Finance Department EMS Ambulance Cost of Service Analysis November 8, 2010 Michelle Mitchell, Director
Table of Contents • Background • Issues • Collection Rates (2009 vs. 2010) • Cost of Services Receivables Outstanding Billed in the Last 24 Months • Recommendations • Response to Community Concerns • Process Improvement Detail • Appendix A – New Ambulance Forms • Transport Information Form • Follow Up Information Form • Invoice • Past Due Notice
Background • Houston’s ambulance base transportation rate is the lowest in the state of Texas for major cities at $415. Fort Worth charges $1,146; Austin charges $850 and Dallas charges $800. • Houston’s cost of service to transport is approximately $1,128 per transport. 90% of all collections currently come from insurance companies. • Billings and collections are done by ACS, a third party contractor. Currently, ACS receives a fee of 14% of current collections and has an opportunity to earn an additional 6% annually based on productivity targets.
Issues • Houston’s cost of service to transport is approximately twice the amount of our current rate. • Houston is not getting its fair share of available insurance reimbursement dollars. • Medicare and private insurance reimbursement rates are depressed due to Houston’s low base transportation rate. • Current process of billings and collections. • Transports billed vs. gross collection: • 131,000 in 2010 - $68 million billed vs. $24 million collected • 139,000 in 2009 - $74 million billed vs. $29 million collected
Recommendations • Increase the base transportation rate from $415 to $1,000. • The estimated revenue impact from insurance providers is $5.5 million annually or approximately $3.2 million for FY2011 as of 12/1/10. • Eliminate the City’s policy of pro-rating charges for multiple riders in the same ambulance. • The estimated revenue impact is $500,000 annually. • Billings and collections process improvement. • Implement annual fee escalators based on appropriate indexes.

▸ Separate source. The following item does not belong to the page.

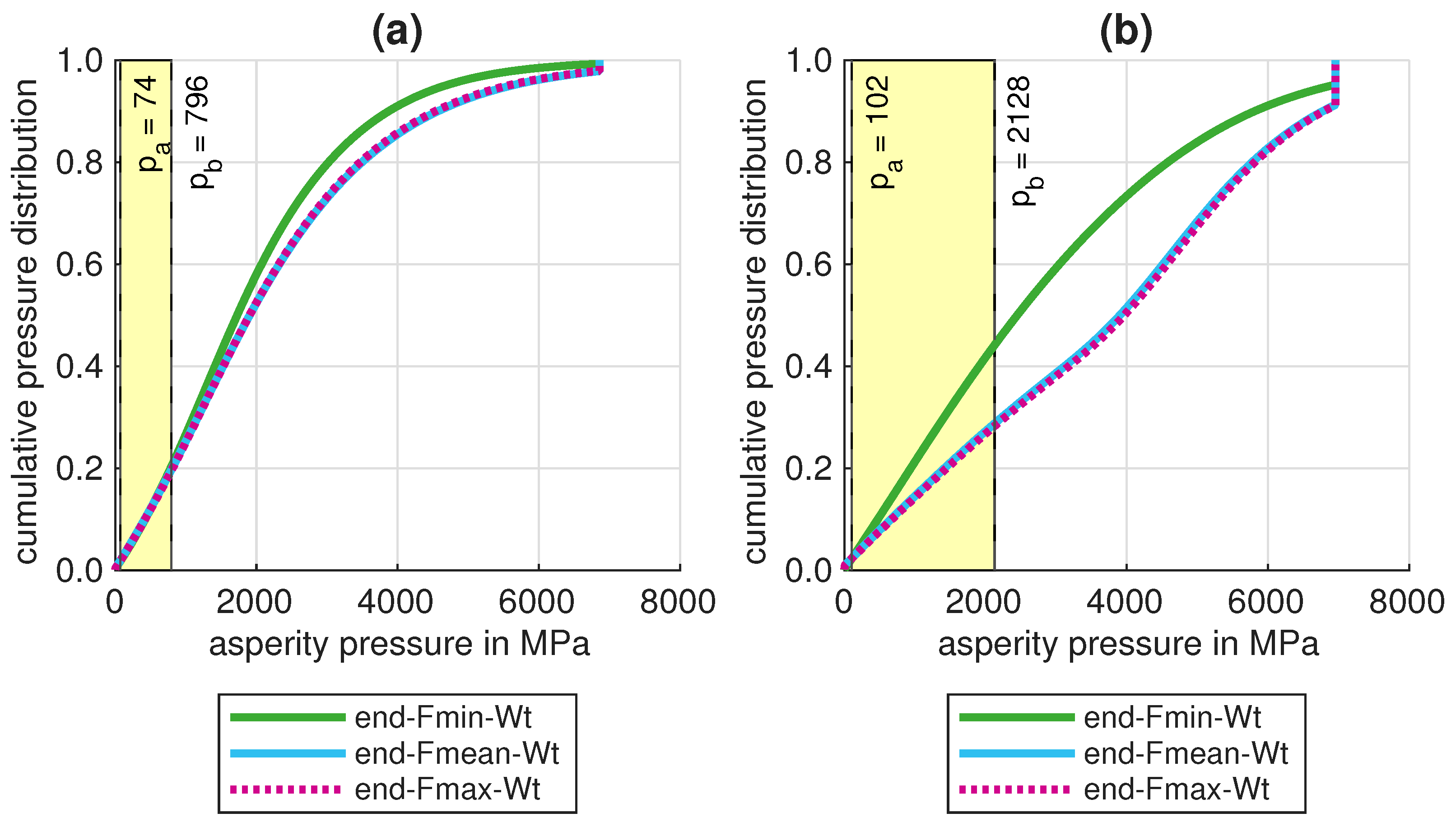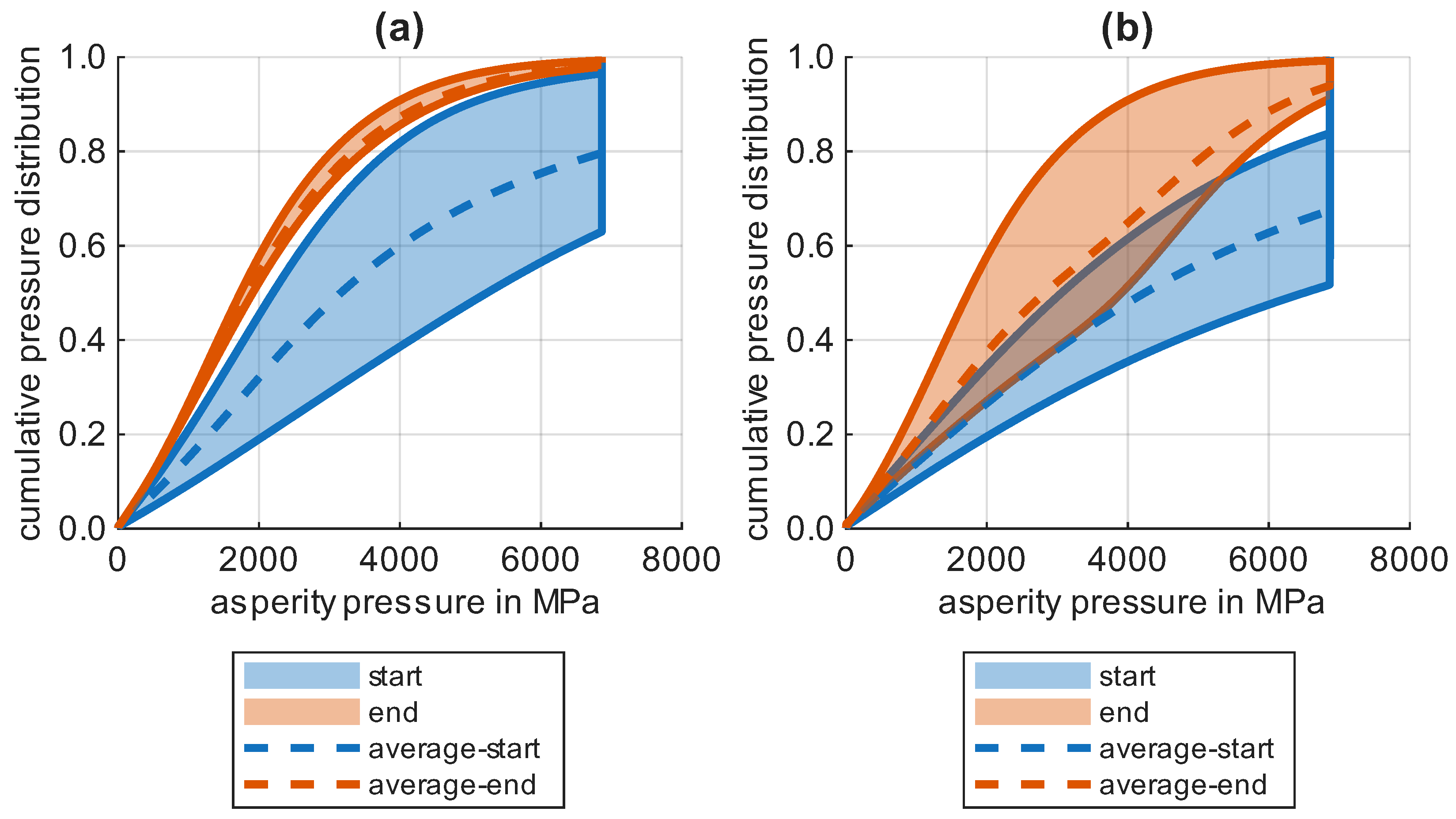The original model also demonstrated a limited sensitivity to changes in surface topography due to wear. Experimentally, substantial wear and surface smoothing resulted in a pronounced decrease in the COF, but the simulation predicted only a minor reduction. This insensitivity can be traced to the narrow pressure window in which the model predicts lower friction than the end-of-experiment experimental values, as shown by the analysis of local pressure distributions and cumulative probability plots. These findings highlight the need to refine the model’s description of surface evolution and its coupling to friction, potentially by adopting more advanced approaches to roughness characterization that distinguish between different morphological features such as ridges and grooves.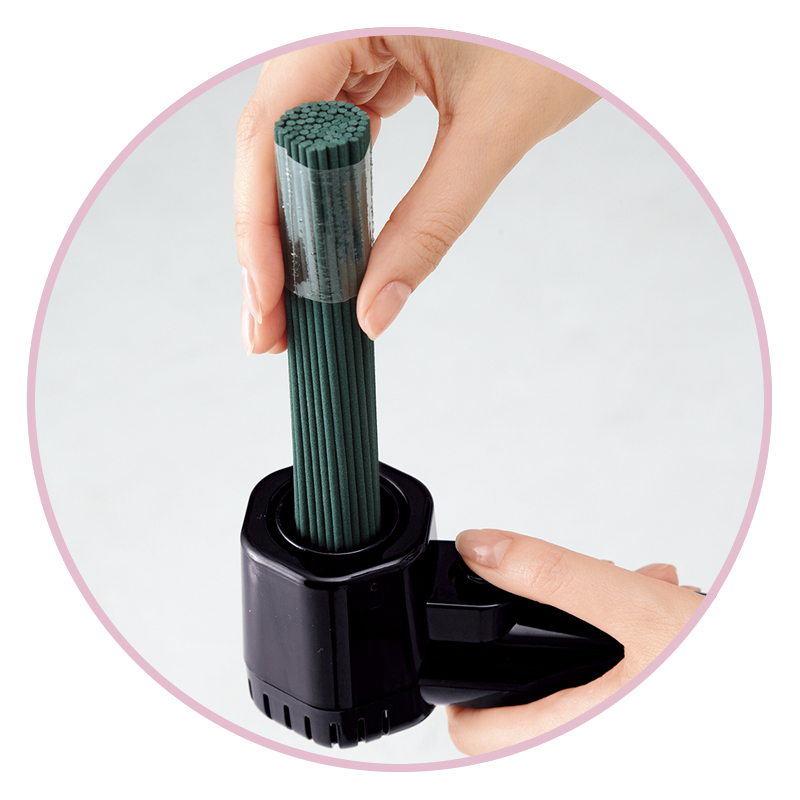 風の強い日も安心。線香に火がつけられます。 風の強い日でも、スイッチを押しながら着火部に線香を当てるだけ。ターボ式線香ライターなら、一束丸ごとを約20秒で着火できます。背面の調整ノブで、弱~強までの火力調整が可能です。 ●サイズ(約):本体=幅6×奥行15.5×高さ7.2cm/着火部=直径2.5cm ●重量(約):240g ●材質:本体・蓋=ポリカーボネート/着火部=ケイ酸アルミニウム ●仕様:ガス注入式、火力調整ノブ ●携帯用巾着袋付 ●中国製 ※着火テスト済のため、着火部に焼き色が付いています。 ※ガスは未注入です。市販のガスライター用ガスボンベをご用意ください。 ※ご使用後の返品・交換はお受けできません。

Response to Community Concerns • Implement procedures to identify low income qualifying individuals at time of transport. • Implement procedures to allow low income transport individuals not previously identified to show proof of qualification at time of billing. • Implement procedures to bill the uninsured at a discount rate. • Implement new intake forms for improved clarity and readability.
Process Improvement Detail • Improve transport identification process for billing. • Improve the automated hospital sharing information. • Improve debt collection techniques for transported individuals (e.g. phone calls, mailings, negotiated settlements and credit bureau reporting). • Implement ongoing oversight of the outside billers and collectors ensuring productivity measure are maximized.